What the task asks> Given the records below, the lines starting at the line with "湖北省荆州市沙市中学2024-2025学年度上学期2022级10月月考英语答案" and ending at the line with "现代化办公空间背景,采用高清" should be output exactly, both end lines kept and pictures left out.

Information supplied>
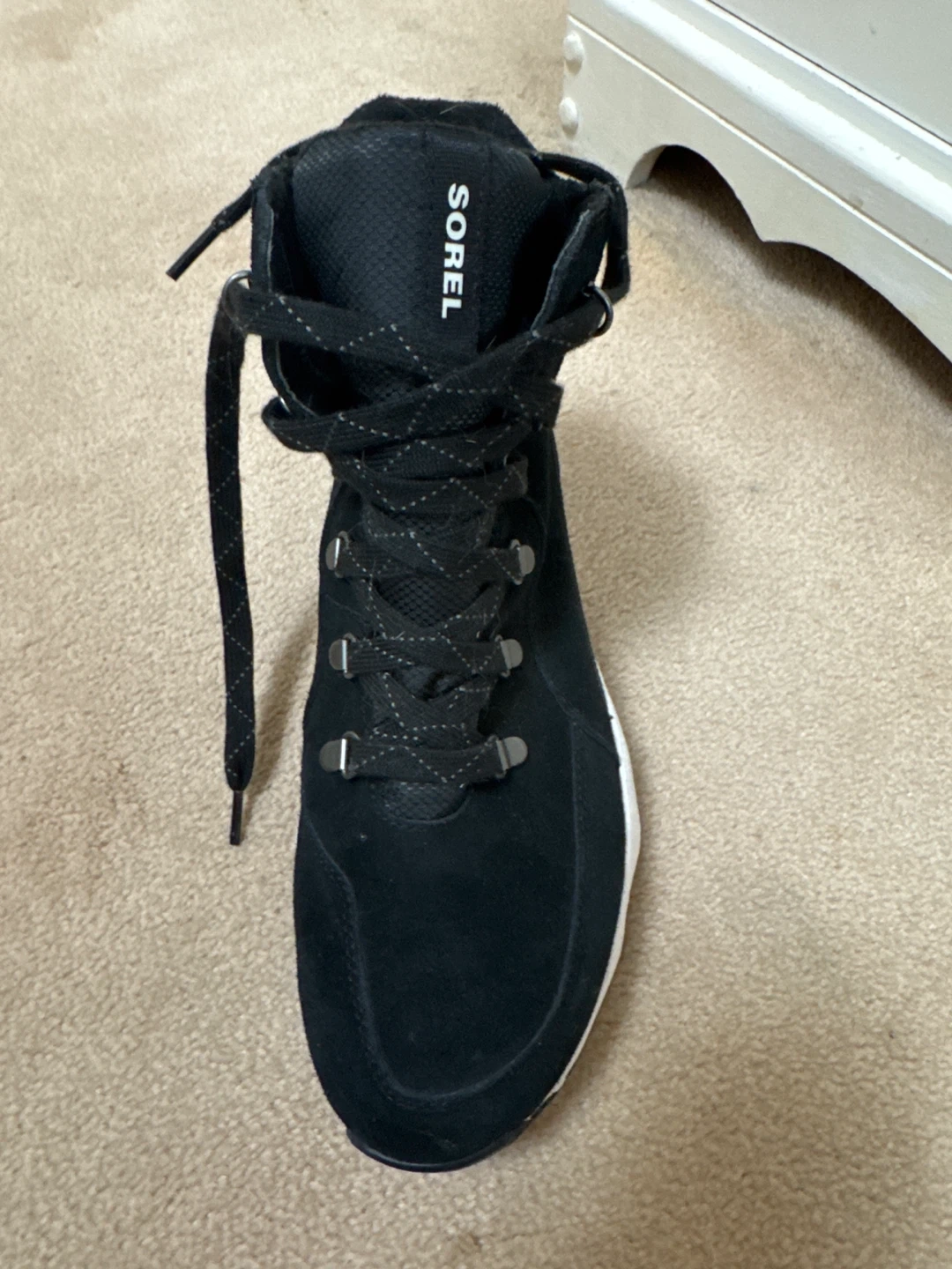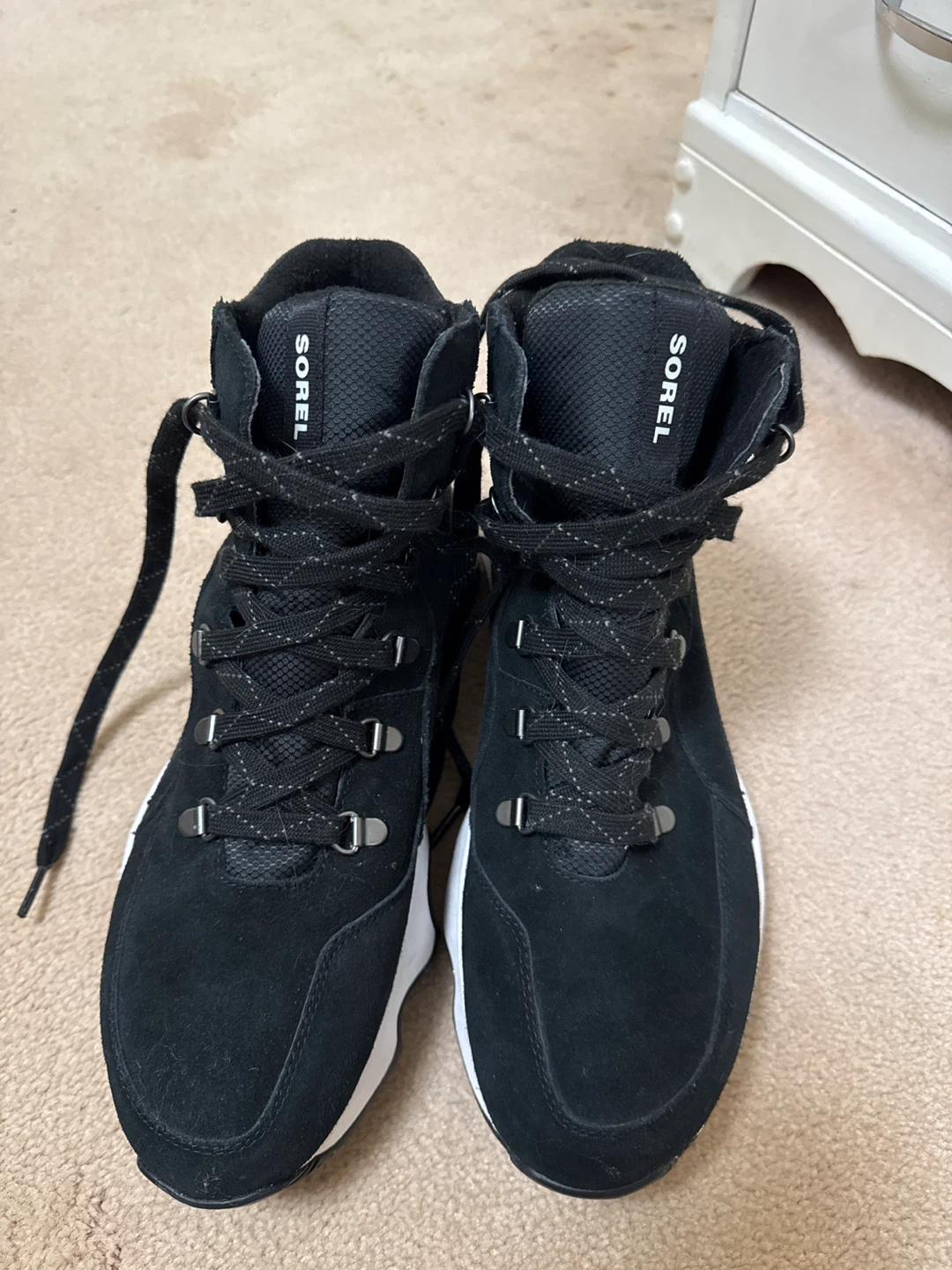 Selling a pair of Sorel winter hiking boots in black! They're in great shape (worn once last year) and ready for the snow. Perfect for hiking or just getting around town in the winter.
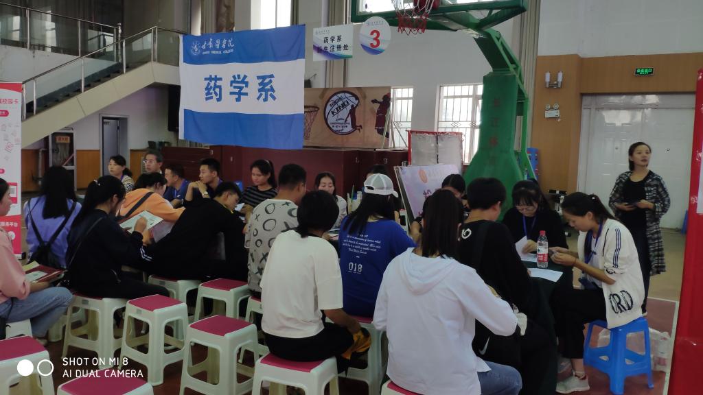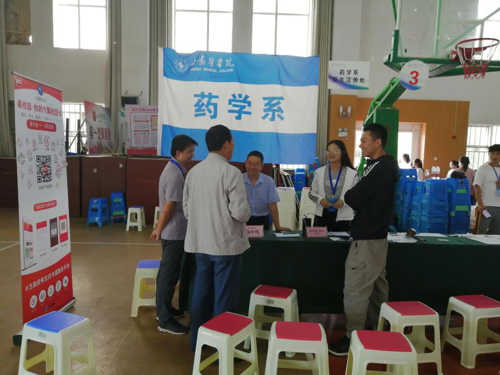 2019年8月30日下午,在全系师生的积极准备下,我系在体育馆开展2019年迎新工作,药学系副主任赵中玮老师,综合与学生科科长戴兴德老师,辅导员马尧、曹馨阳老师等及全体学生会学生干部参加,学生会学生干部引导新生进行报到注册、领取生活用品。
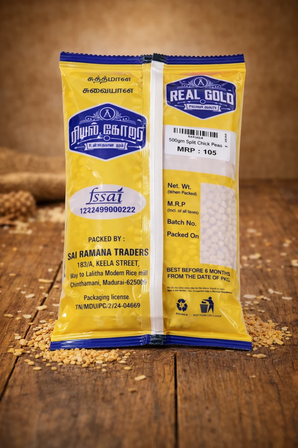 Split Chick Peas (Whole) 500gm are premium-quality, carefully selected legumes known for their rich taste and high nutritional value. These chickpeas are naturally processed and hygienically packed to retain freshness, making them perfect for preparing traditional Indian dishes like chana dal, curries, gravies, and snacks.
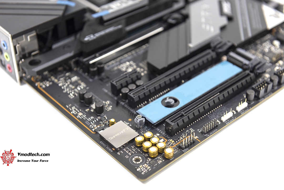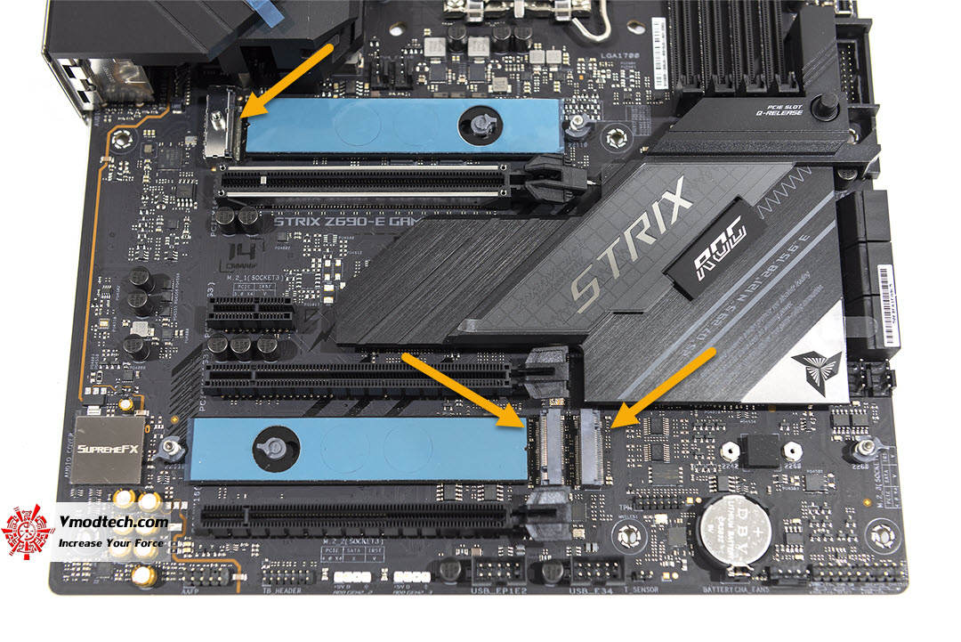บริเวณสล๊อด PCI Express ซึ่งจะมีพอร์ด PCIe x16 gen 4 สองพอร์ทบนล่าง และ x16 gen 3 ที่ช่องกลาง และอีกหนึ่งช่องจะเป็น X1 gen 3 หนึ่งช่อง ส่วนที่เครื่องหมายลูกศรสีเหลือชี้นั้นจะเป็นพอร์ท M.2 สามช่อง
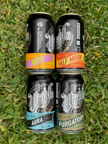 This pack contains 4 delicious 375ml cans of: 4.8% Purgatory Pilsner, 4.2% Half Moon Pale, 5% Aura Pale Ale and 7.8% Artic Citra TDH IPA.
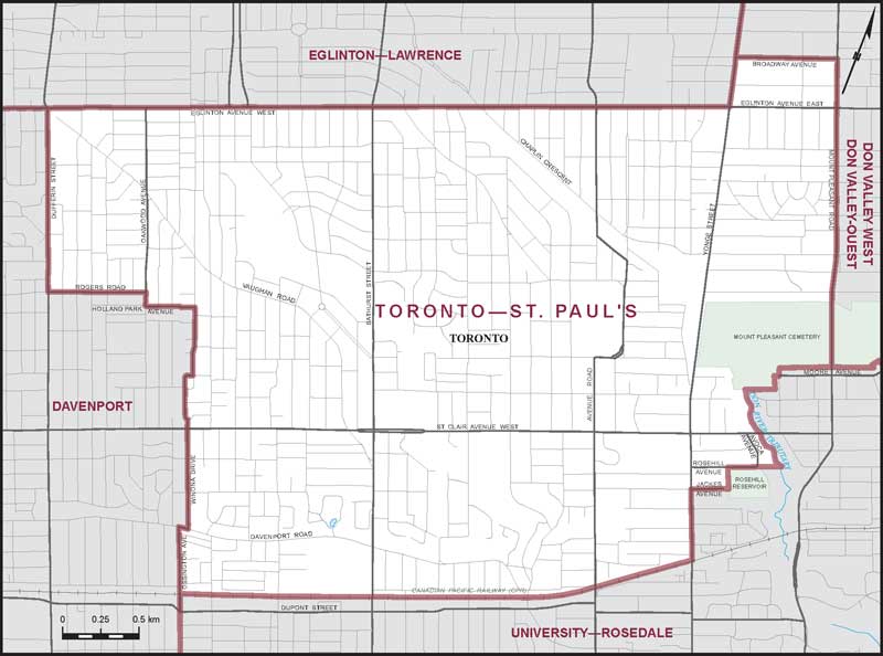 The riding is bordered by Ossington Avenue, Winona Drive, Rogers Road and Dufferin Street to the west, Eglinton Avenue West, Yonge Street and Broadway Avenue to the north, Mount Pleasant Road, Mount Pleasant Cemetery, the Don River, Rosehill Avenue, Jackes Avenue and Yonge Street to the east, and the CP Rail corridor (near Dupont Street) to the south.
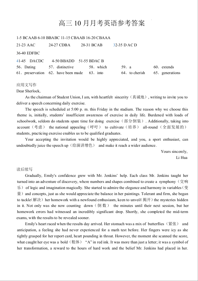 湖北省荆州市沙市中学2024-2025学年度上学期2022级10月月考英语答案
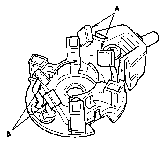 12. Check for continuity between the (+) brushes (A) and (-) brushes (B). If there is continuity, replace the brush holder assembly.
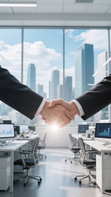 现代化办公空间背景,采用高清3D渲染技术,呈现出与原图一致的超写实风格,以通透的蓝色系为主色调,搭配白色和浅灰色作为中性色,营造明亮、专业、科技感的氛围。场景中包含玻璃幕墙的高层写字楼外观,建筑线条流畅锐利,表面有细腻的金属质感和反光效果,如同原图中高耸的摩天大楼。光线从侧上方照射,形成清晰的光影对比,天空呈现渐变的蔚蓝色,点缀着少量白色云朵,增强空间的开阔感。办公区域可设置开放式工位、简约的会议桌、舒适的沙发座椅,地面采用浅色木地板或大理石材质,墙面装饰简约的艺术画作或绿植,整体布局遵循对称美学和视觉引导线,确保画面层次分明,符合现代办公环境的高效与专业特质,同时保持与原图在光影、色彩和谐度及3D质感上的高度统一。
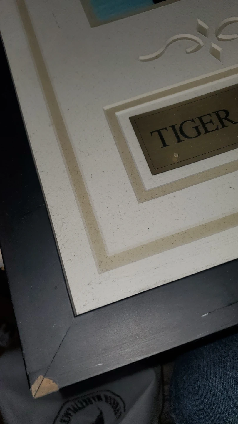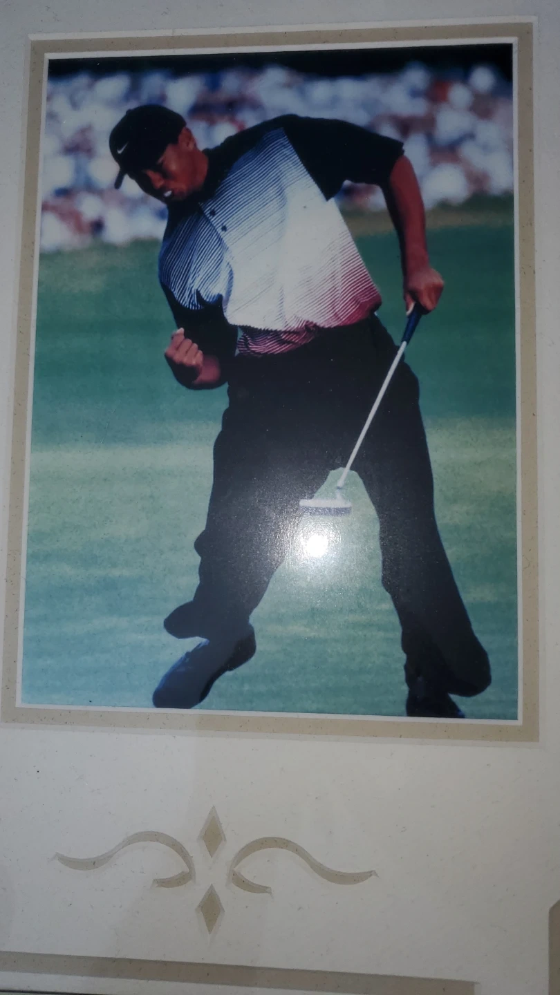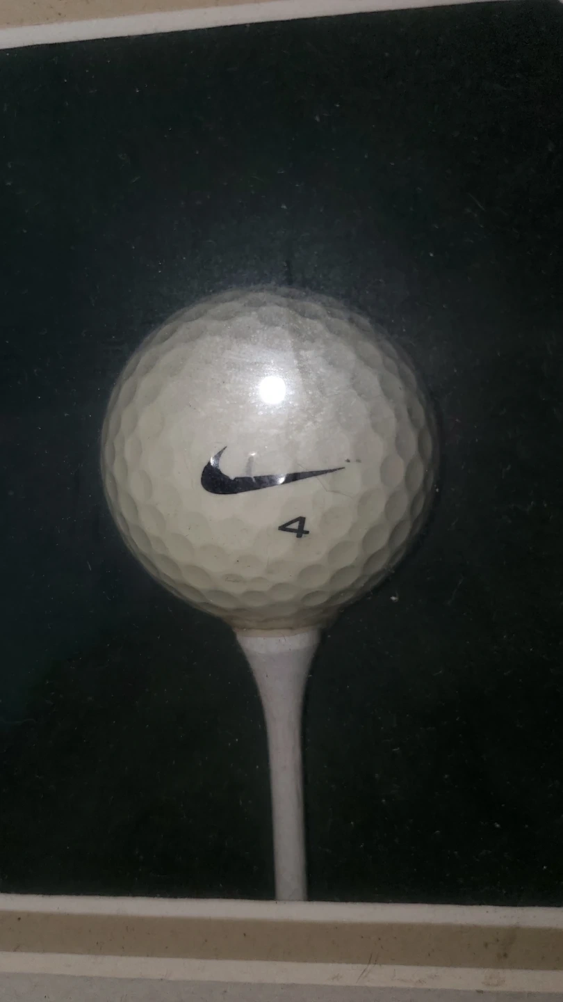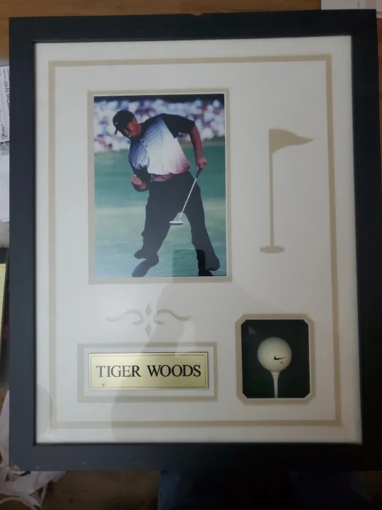 Framed collectible featuring Tiger Woods celebrating a win. Includes a Nike golf ball with the "4" marking. Great piece for any golf enthusiast! Frame has minor chips, see photos
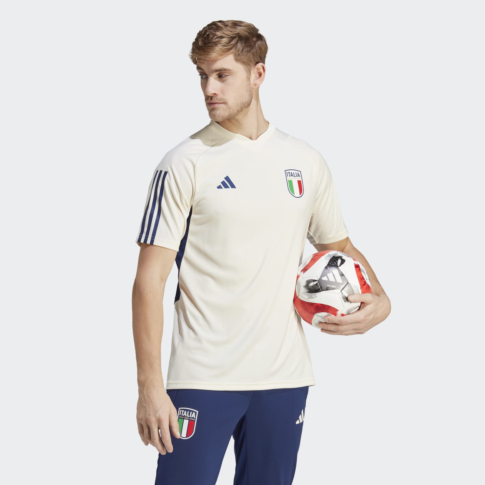 Part of Italy's adidas Tiro 23 training range, this football jersey in Cream White supports all-action play with a slim fit, moisture-absorbing AEROREADY and breathable mesh panels.
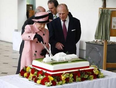5日女王和其丈夫到英國“巧園植物園”出席巧園成立250周年慶祝會。園方準備了一個長方形大蛋糕,下面是鮮花,上面是白色奶油。頂上做成巧園最有名的建筑,大溫室的樣子。蛋糕店老板把刀交給女王。女王一拿起刀,菲利普就在旁邊說,“好好切,用點力”。
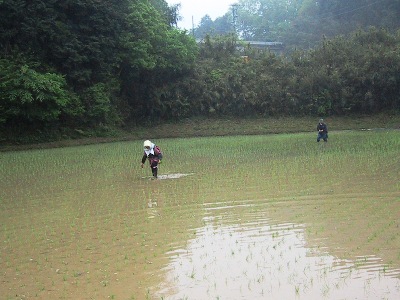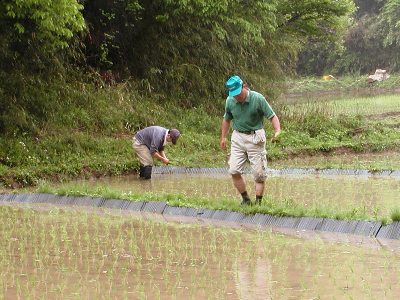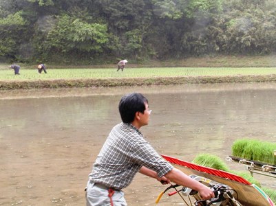 ■5月4日、萩原進さんと市東孝雄さん宅で同時に田植えが行われました。どちらの田んぼも「日航ホテル」の北側に位置していて、実は300メートルぐらいしか離れていません。

Solution to the problem>
 湖北省荆州市沙市中学2024-2025学年度上学期2022级10月月考英语答案
 12. Check for continuity between the (+) brushes (A) and (-) brushes (B). If there is continuity, replace the brush holder assembly.
 现代化办公空间背景,采用高清3D渲染技术,呈现出与原图一致的超写实风格,以通透的蓝色系为主色调,搭配白色和浅灰色作为中性色,营造明亮、专业、科技感的氛围。场景中包含玻璃幕墙的高层写字楼外观,建筑线条流畅锐利,表面有细腻的金属质感和反光效果,如同原图中高耸的摩天大楼。光线从侧上方照射,形成清晰的光影对比,天空呈现渐变的蔚蓝色,点缀着少量白色云朵,增强空间的开阔感。办公区域可设置开放式工位、简约的会议桌、舒适的沙发座椅,地面采用浅色木地板或大理石材质,墙面装饰简约的艺术画作或绿植,整体布局遵循对称美学和视觉引导线,确保画面层次分明,符合现代办公环境的高效与专业特质,同时保持与原图在光影、色彩和谐度及3D质感上的高度统一。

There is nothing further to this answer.